I would like to accomplish the following using ffdf: Merge on columns X and Y and closest Time and then merge on the closes column B. However,the procedure that I know in smaller samples involves using outer merges (as shown below). What is a way around this for a large sample that won't fit in memory (and probably wouldn't work on sqldf), using ffbase? If not possible, what would be the best library for this?

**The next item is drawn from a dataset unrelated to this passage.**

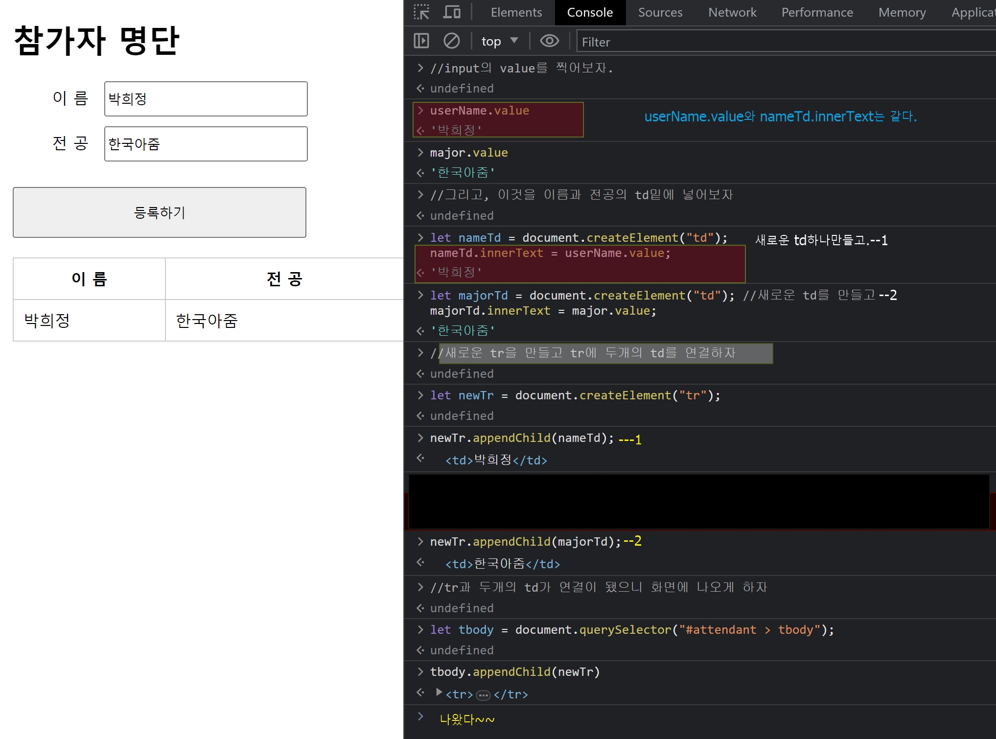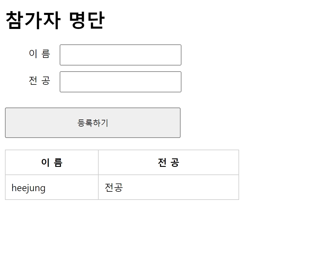 등록하기 버튼을 클릭하면 이름과 전공 밑의 td밑에 추가되어 화면에 출력된다.

As a reproducible example, same as below:
set.seed(1)
df.ff <- as.ffdf(cbind(expand.grid(x = 1:3, y = 1:5), time = round(runif(15) * 30)))
to.merge.ff <- as.ffdf(data.frame(x = c(2, 2, 2, 3, 2), y = c(1, 1, 1, 5, 4), time = c(17, 12, 11.6, 22.5, 2), val = letters[1:5], stringsAsFactors = F))
I borrow the following example from @ChinmayPatil here to highlight the similar procedure I would like to follow: (R - merge dataframes on matching A, B and *closest* C?):
require(data.table)
set.seed(1)
df <- setDT(cbind(expand.grid(x = 1:3, y = 1:5), time = round(runif(15) * 30)))
to.merge <- setDT(data.frame(x = c(2, 2, 2, 3, 2), y = c(1, 1, 1, 5, 4), time = c(17, 12, 11.6, 22.5, 2), val = letters[1:5], stringsAsFactors = F))
## First do a left outer merge
A <- merge(to.merge,df, by = c('x','y'), all.x = T )
## Then calculate a diff row as such
A$diff <- abs(A$time.x - A$time.y)
##then take the minimum distance
A[ , .I[which.min(diff)] , by = c('x', 'y' ) ]